What is expected: Exactly the lines below starting at the line with "Contenido: Grupo de" and ending at the line with "La composizione interna" are wanted, with both ends included. Leave out the pictures and add no other lines.

Items from a data source
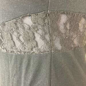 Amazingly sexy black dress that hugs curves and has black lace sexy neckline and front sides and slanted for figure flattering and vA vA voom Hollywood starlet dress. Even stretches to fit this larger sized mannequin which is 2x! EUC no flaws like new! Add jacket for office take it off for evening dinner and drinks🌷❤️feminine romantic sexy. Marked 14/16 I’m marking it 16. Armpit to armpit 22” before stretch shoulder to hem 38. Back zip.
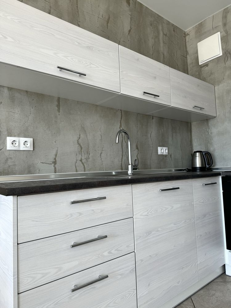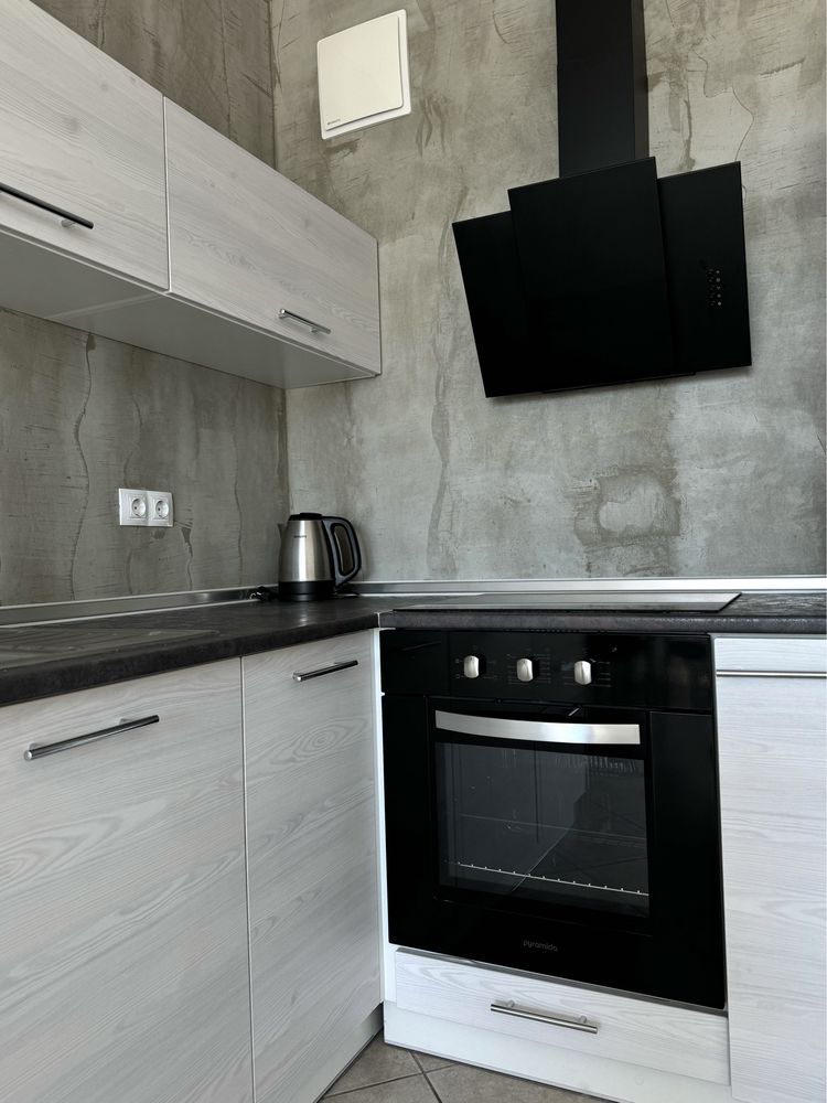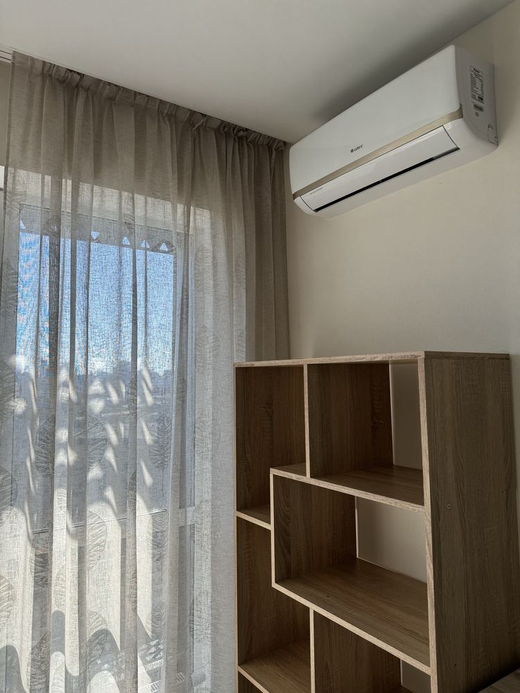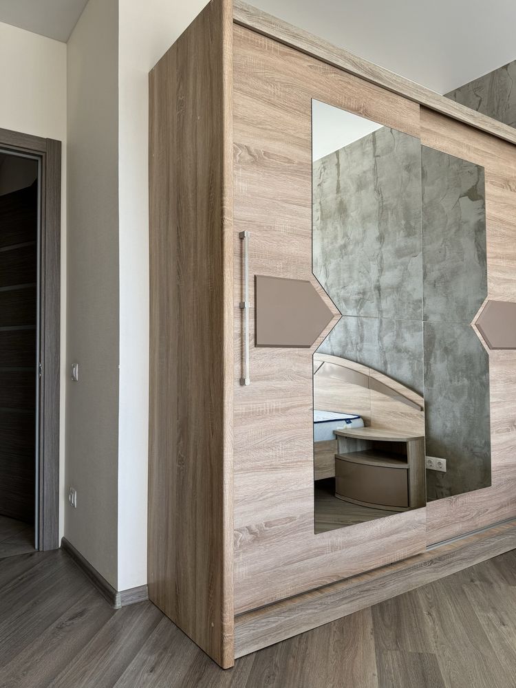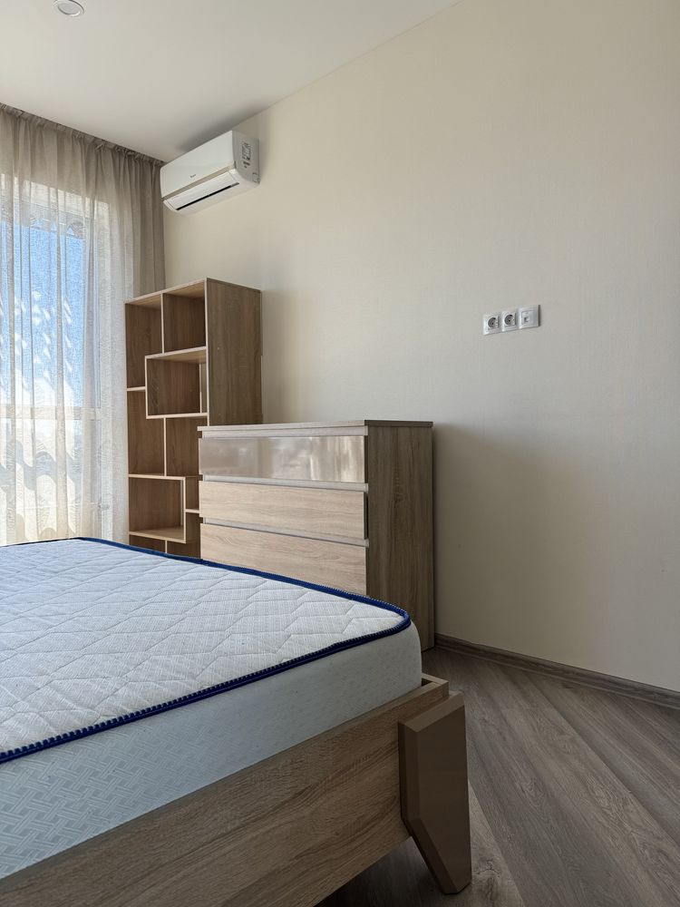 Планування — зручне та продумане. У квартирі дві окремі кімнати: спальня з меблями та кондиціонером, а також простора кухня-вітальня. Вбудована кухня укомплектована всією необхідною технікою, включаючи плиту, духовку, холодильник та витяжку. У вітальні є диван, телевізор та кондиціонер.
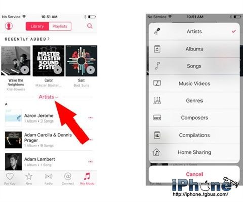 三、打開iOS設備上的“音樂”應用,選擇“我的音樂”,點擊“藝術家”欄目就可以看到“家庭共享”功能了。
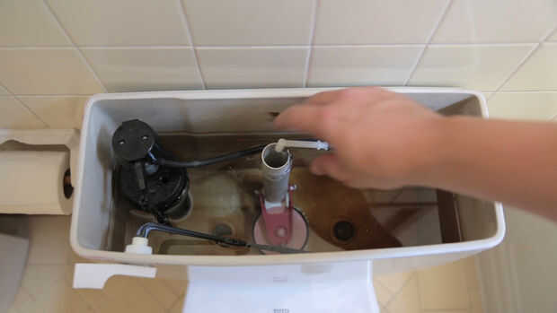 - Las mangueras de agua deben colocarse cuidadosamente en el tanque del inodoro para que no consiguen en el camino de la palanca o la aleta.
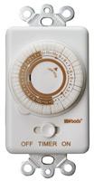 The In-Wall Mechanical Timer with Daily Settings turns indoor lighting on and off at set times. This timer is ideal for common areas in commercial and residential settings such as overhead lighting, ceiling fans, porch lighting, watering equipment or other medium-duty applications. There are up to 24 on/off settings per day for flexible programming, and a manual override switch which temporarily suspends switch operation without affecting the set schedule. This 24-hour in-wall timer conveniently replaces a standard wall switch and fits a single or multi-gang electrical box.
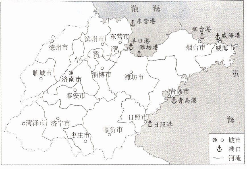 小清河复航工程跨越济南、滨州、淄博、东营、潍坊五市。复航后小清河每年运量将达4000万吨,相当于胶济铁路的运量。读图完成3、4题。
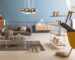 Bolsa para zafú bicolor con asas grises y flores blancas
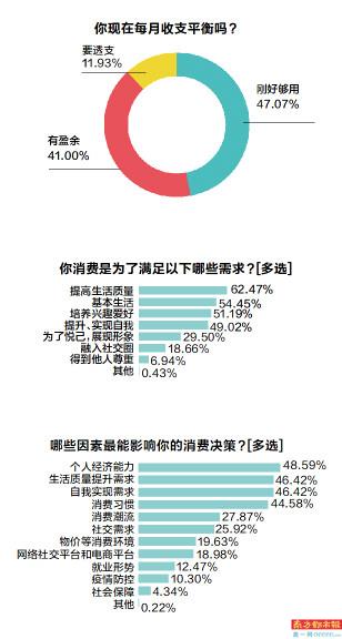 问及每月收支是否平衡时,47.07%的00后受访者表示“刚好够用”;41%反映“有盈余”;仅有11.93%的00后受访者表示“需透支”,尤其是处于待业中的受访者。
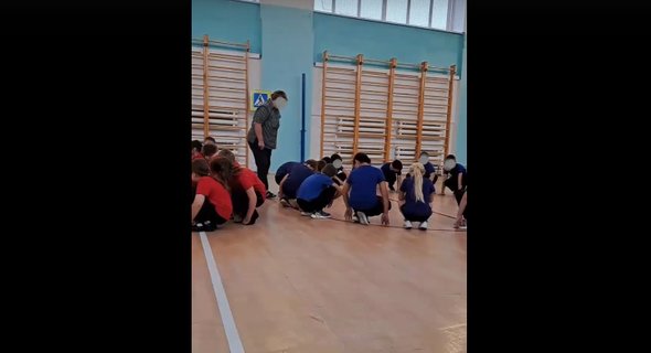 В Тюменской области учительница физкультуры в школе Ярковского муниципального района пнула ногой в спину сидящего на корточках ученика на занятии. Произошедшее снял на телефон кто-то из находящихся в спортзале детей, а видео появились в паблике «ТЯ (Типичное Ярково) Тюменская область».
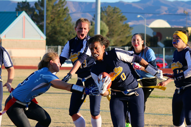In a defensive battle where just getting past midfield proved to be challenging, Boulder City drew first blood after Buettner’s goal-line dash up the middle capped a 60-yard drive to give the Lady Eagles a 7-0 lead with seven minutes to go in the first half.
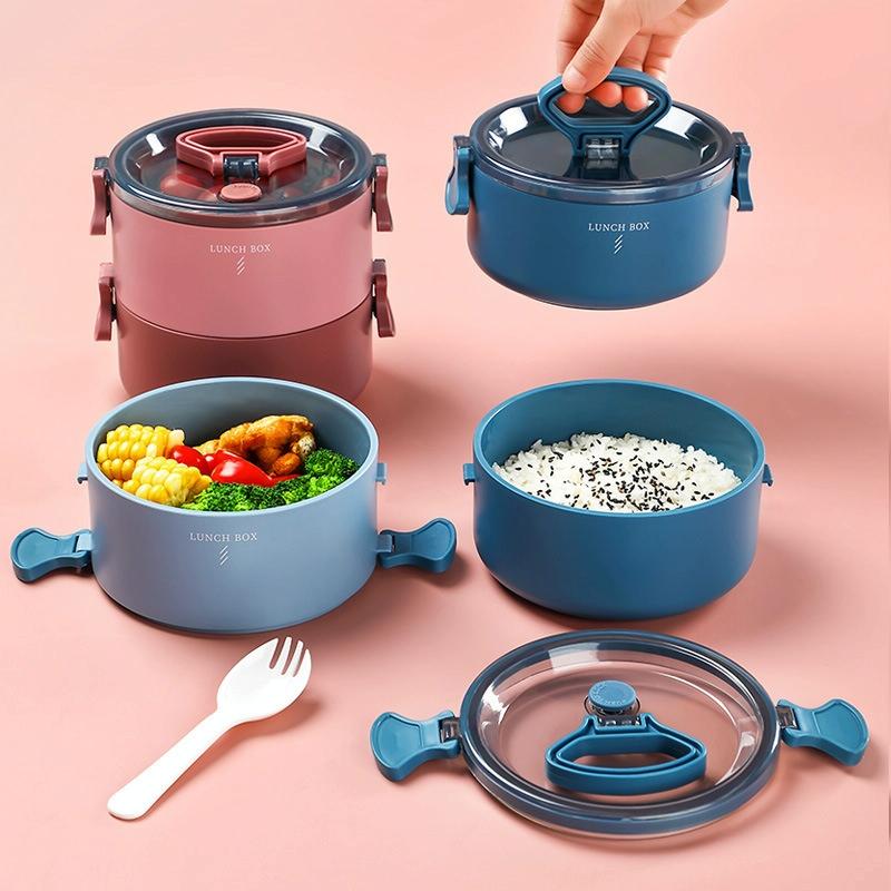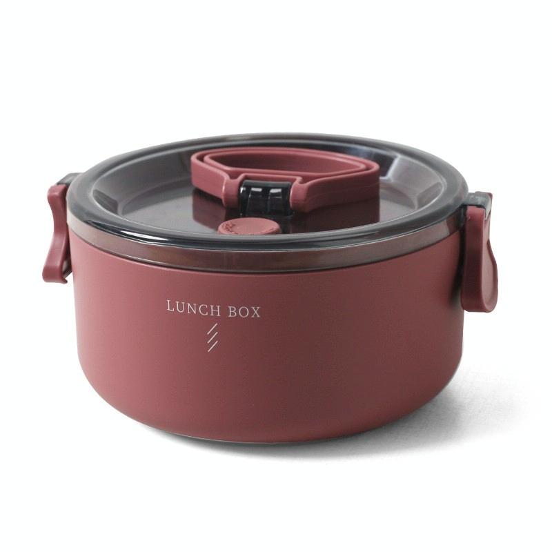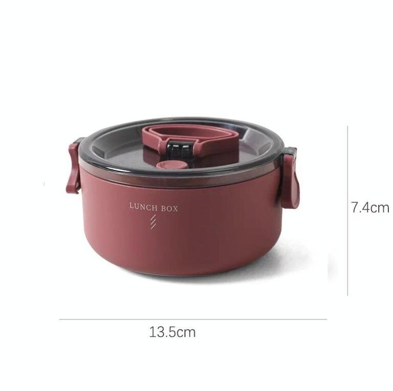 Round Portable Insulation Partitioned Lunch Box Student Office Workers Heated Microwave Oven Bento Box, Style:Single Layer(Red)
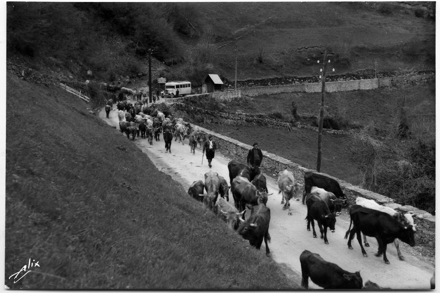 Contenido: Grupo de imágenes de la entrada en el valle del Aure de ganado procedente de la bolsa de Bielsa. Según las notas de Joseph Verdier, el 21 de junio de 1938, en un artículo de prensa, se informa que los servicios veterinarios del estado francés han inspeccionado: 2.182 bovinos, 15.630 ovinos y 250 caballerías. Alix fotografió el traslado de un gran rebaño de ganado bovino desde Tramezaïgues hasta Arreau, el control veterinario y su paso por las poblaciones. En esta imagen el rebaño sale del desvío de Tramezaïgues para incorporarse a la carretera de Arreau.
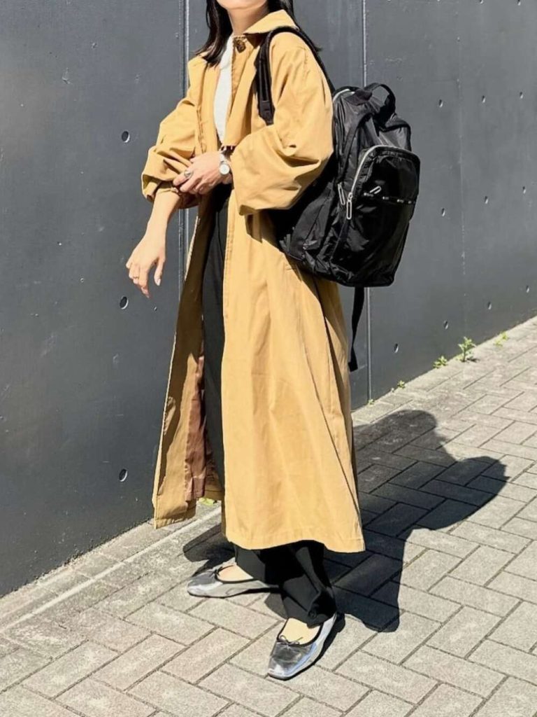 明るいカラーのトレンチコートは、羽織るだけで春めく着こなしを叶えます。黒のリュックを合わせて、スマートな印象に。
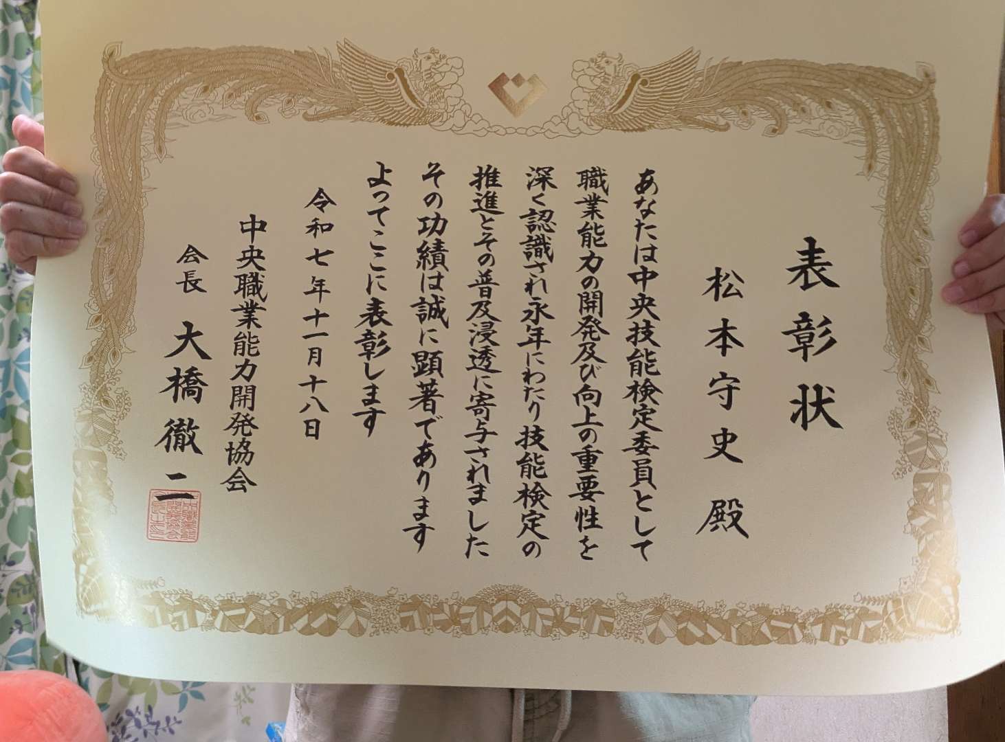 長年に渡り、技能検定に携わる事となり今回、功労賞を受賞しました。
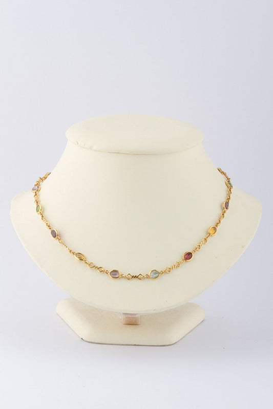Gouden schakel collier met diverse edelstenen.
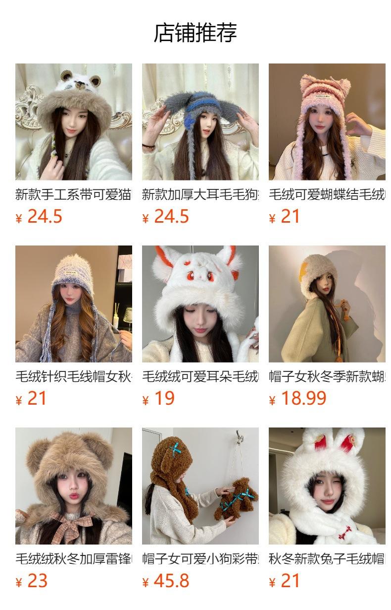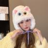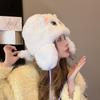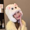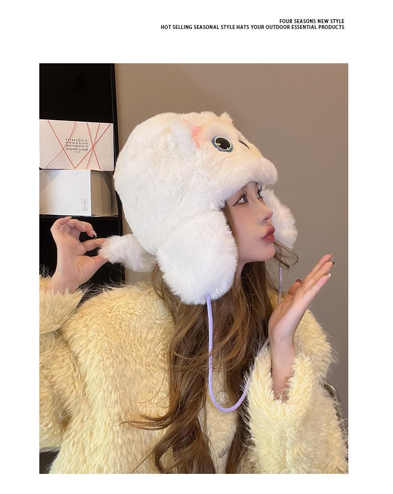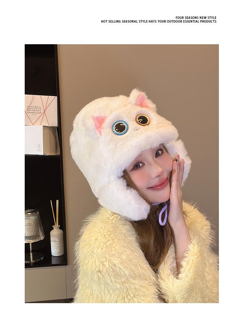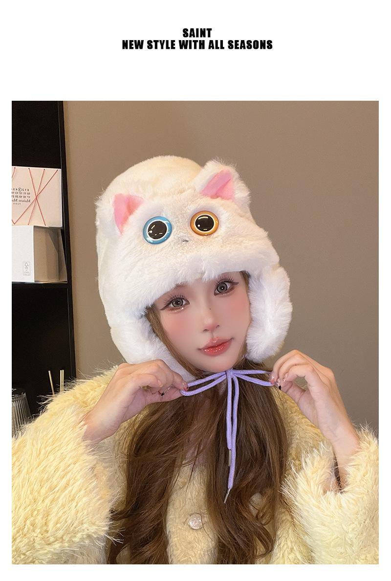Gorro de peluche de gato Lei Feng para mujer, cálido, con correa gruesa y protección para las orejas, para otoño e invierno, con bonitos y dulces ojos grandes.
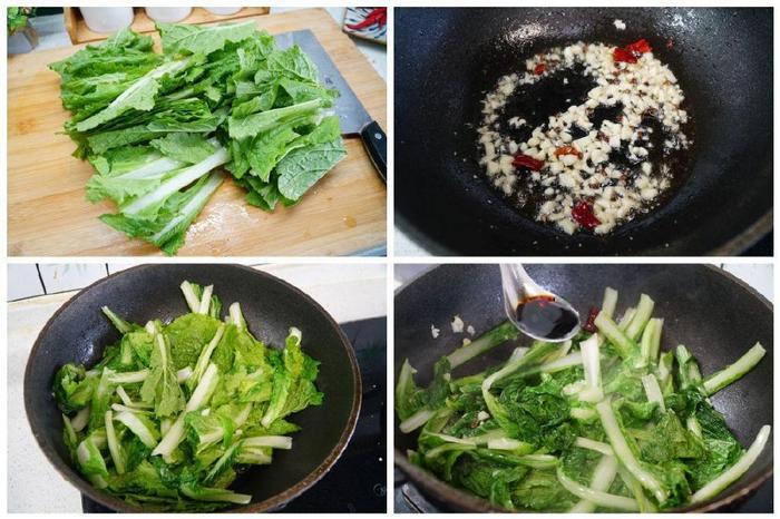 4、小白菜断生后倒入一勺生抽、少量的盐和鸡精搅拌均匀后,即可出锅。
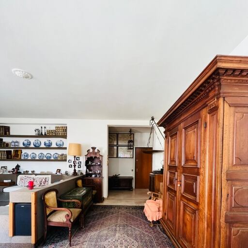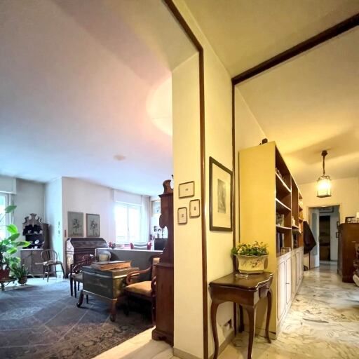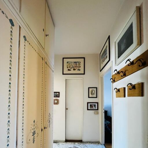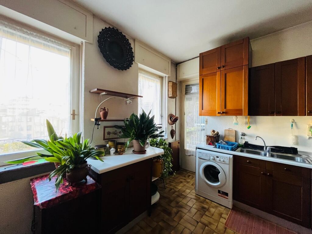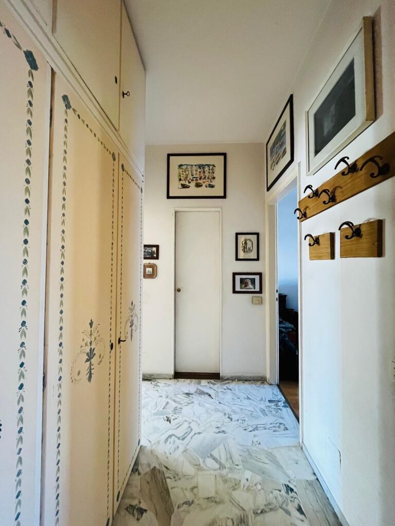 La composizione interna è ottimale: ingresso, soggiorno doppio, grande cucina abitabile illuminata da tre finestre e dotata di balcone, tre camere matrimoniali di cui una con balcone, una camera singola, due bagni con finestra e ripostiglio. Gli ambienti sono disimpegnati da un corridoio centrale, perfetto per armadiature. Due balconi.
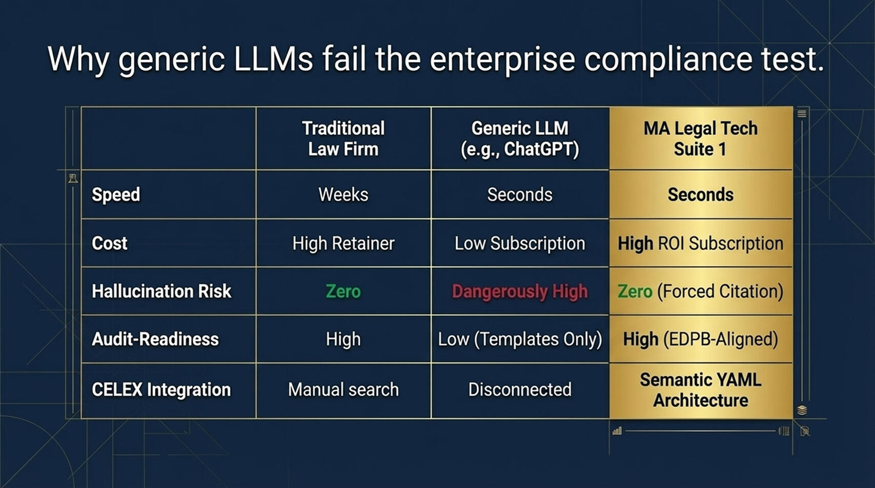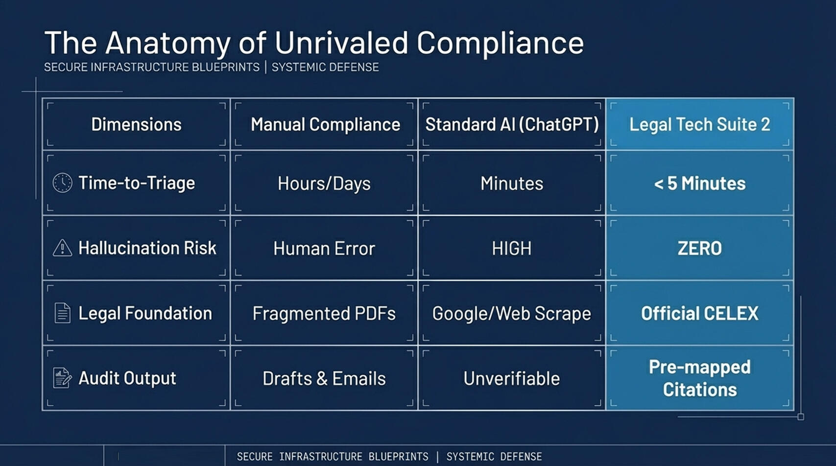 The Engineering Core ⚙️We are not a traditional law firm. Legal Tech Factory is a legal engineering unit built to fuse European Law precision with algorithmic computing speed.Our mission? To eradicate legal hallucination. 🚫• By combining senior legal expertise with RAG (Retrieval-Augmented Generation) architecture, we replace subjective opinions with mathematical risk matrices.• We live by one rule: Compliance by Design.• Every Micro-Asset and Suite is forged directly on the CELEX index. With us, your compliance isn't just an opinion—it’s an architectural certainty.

Result:
 Contenido: Grupo de imágenes de la entrada en el valle del Aure de ganado procedente de la bolsa de Bielsa. Según las notas de Joseph Verdier, el 21 de junio de 1938, en un artículo de prensa, se informa que los servicios veterinarios del estado francés han inspeccionado: 2.182 bovinos, 15.630 ovinos y 250 caballerías. Alix fotografió el traslado de un gran rebaño de ganado bovino desde Tramezaïgues hasta Arreau, el control veterinario y su paso por las poblaciones. En esta imagen el rebaño sale del desvío de Tramezaïgues para incorporarse a la carretera de Arreau.
 明るいカラーのトレンチコートは、羽織るだけで春めく着こなしを叶えます。黒のリュックを合わせて、スマートな印象に。
 長年に渡り、技能検定に携わる事となり今回、功労賞を受賞しました。
Gouden schakel collier met diverse edelstenen.
Gorro de peluche de gato Lei Feng para mujer, cálido, con correa gruesa y protección para las orejas, para otoño e invierno, con bonitos y dulces ojos grandes.
 4、小白菜断生后倒入一勺生抽、少量的盐和鸡精搅拌均匀后,即可出锅。
 La composizione interna è ottimale: ingresso, soggiorno doppio, grande cucina abitabile illuminata da tre finestre e dotata di balcone, tre camere matrimoniali di cui una con balcone, una camera singola, due bagni con finestra e ripostiglio. Gli ambienti sono disimpegnati da un corridoio centrale, perfetto per armadiature. Due balconi.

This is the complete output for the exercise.